Just to start off, sorry we were yelling at everyone for not IMing us anymore. Apparently our AIM at the station is effed up! We were sent some IMs but we couldn't see them - LAME! We love you guys and we'll try and get that fixed because we love talking to you during the show.

So of course, we're still on a crazy Obama high. Seriously y'all I needs me some Barack Obama in pill form cause I am feelin' good! As you all know I am completely obsessed with his family. I think they are just gorgeous gorgeous gorgeous. Michelle? Fierce. Malia? Beautiful. And Sasha? Oh please, that girl is all kinds of amazing. Apparently her life's ambition is to sing and dance. Of course it is! She's the youngest and you know how we love the spotlight. I feel like my sister and I are exactly like Malia and Sasha. My sister is really pretty and elegant and I was the chubby faced loud one who may have used my cuteness to my advantage once in a while during those early years. A showman of sorts you might say. Even the journalists love her! Her gavel banging during Michelle's DNC stage tour delighted a journalist on CSpan. Delighted him! Valeria and I are also very impressed with Barack's choice for Chief of Staff. Rahm Emmanuel is effing crazy! In the best way possible. Some of the stories out there about him consist of things that usually only occur before the men in the white coats come and take people away. Supposedly he sent dead fish in the mail to his political foes. That's some crazy Godfather type shiz right there. And there was some other story involving a steak knife and stabbing a table. I don't know man, all I know is that when you're that passionate (and crazy) you get stuff done! We're not so pleased, however, with all the news station talking about the Secret Service and the security team following the Obamas. Um guys... it's called the Secret Service for a reason! Don't be telling people about that mess. I don't want to know about him being surrounded by bullet proof glass on 3 sides because then someone is going to be like "hey... I know the one side that isn't bullet proof!" Idiots. Keep that man safe, please! The one cool thing about these secrets being revealed are the Secret Service names used for the Obamas. Barack is Renegade (yeah!), Michelle is Renaissance (hell yeah!), Malia is Radiance (aw, yeah) and Sasha is Rosebud (OMG yeah!) Those are some badass names.

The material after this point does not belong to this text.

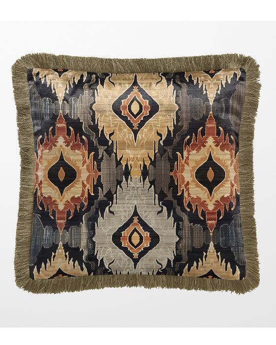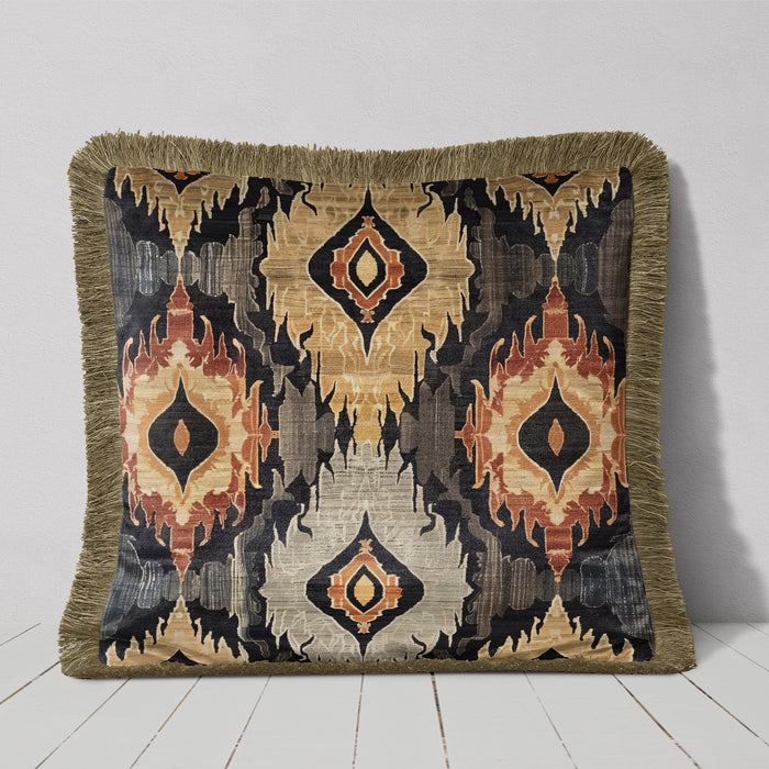 This luxurious velvet cushion features a striking Ikat-inspired design, characterized by bold, symmetrical patterns in earthy tones of gold, beige, black, and rust. Finished with elegant gold/mushroom colour fringes that enhance its sophisticated appeal and provide a refined finishing touch.

So getting away from our political crushes and onto our Olympic ones - we did another reading from Ryan Lochte's blog to the theme music of Masterpiece Theater. I'm not even going to lie about it- this one had so many spelling and grammatical errors that it was practically unreadable. It doesn't really matter though because we don't really love him for his brains, do we, girls? One of the great things about this particular blog entry was at the end Ryan ended it with "well class is over... i got to run." Maybe writing blog entries during class isn't the best way to make the most of that college education. Oh well.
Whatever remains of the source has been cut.